What to know for Chicago Mayor Lightfoot’s “State of the City” address

August 27, 2019

IPI experts available for comment ahead of Thursday's "State of the City" address

CHICAGO (Aug. 27, 2019) – Pension reform and reasonable labor contracts are the answers to Chicago’s nearly $30 billion net deficit, according to a new Illinois Policy Institute analysis.

The Institute found pensions and personnel costs are the No. 1 cost-drivers of the city’s budget deficit, consuming $5.2 billion total, or nearly 60% of the city’s $8.9 billion local revenues this year.

The analysis examines the magnitude of these costs and provides recommendations for Chicago Mayor Lori Lightfoot ahead of Thursday’s “State of the City” address.

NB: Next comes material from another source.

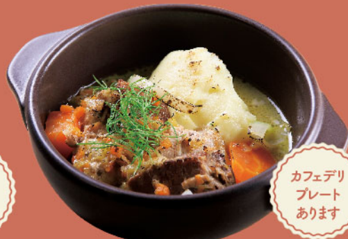
カフェデリプレート あります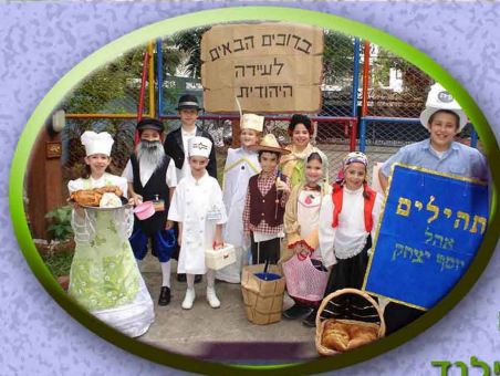
ווילהלם בנגקוק תאילנד

שלחו את פתרונותיכם ל- beshlichut@gmail.com וצברו 5 נקודות עבור כל משחק. בהצלחה

Experts from the nonpartisan Illinois Policy Institute are available for media interviews in Chicago, Springfield and across Illinois.


  • Total debt in Chicago-controlled pension funds is $29.2 billion. Including the other four pension systems Chicago taxpayers are on the hook for, that burden rises to $41.8 billion, more than 44 U.S. states.
  • When tallying all Chicago and Illinois debt, each Chicago taxpayer owes $119,000, the highest taxpayer debt burden among the 10 most populous U.S. cities.
  • City-controlled pension funds are only 25% funded.
  • 100% of Chicago’s property tax revenues will go toward pensions as well as principal and interest payments on city debt.
  • Chicago’s pension contributions are set to spike twice during the next decade: In 2021, pension contributions could reach $1.67 billion, about $5 million higher than this year’s contributions. By 2023, pension contributions could reach over $2.1 billion, roughly a $1 billion increase from just four years earlier.
  • The city’s structural budget deficit dates back to at least 2005. Since 2011 the city’s expenses have exceeded revenues.
  • Personnel-related expenses consume the largest portion of the city’s budget, costing the city nearly $3.9 billion per year. Police and firefighters represent 38.5 percent and 14.6 percent, respectively, of the city’s workforce and a majority of its personnel expenses.
  • During former Chicago Mayor Rahm Emanuel’s term, Chicagoans suffered $864 million in annual tax increases through property taxes, water and sewer fees, and the 911 surcharge.
Quote from Adam Schuster, director of budget and tax research for the nonpartisan Illinois Policy Institute:“Mayor Lori Lightfoot is in a precarious position, and Chicago’s legacy of debt and its massive pension crisis make it difficult to balance a budget. These are the issues that must be addressed to get out of this hole. Mayor Lightfoot has the platform and the power to do something that would change the trajectory of Chicago and Illinois’ futures: She could lead the charge for true pension reform by calling on Springfield to amend the state’s constitution.

“More taxes are the last thing Chicago needs. With four years of population loss driven by one of the nation’s highest combined state and local tax burdens, we can hardly afford further tax increases. Balancing Chicago’s budget will only get harder each year until Illinois gets serious about solving its state and local pension crises. And until then, taxpayers will either be forced to suffer or join the exodus.”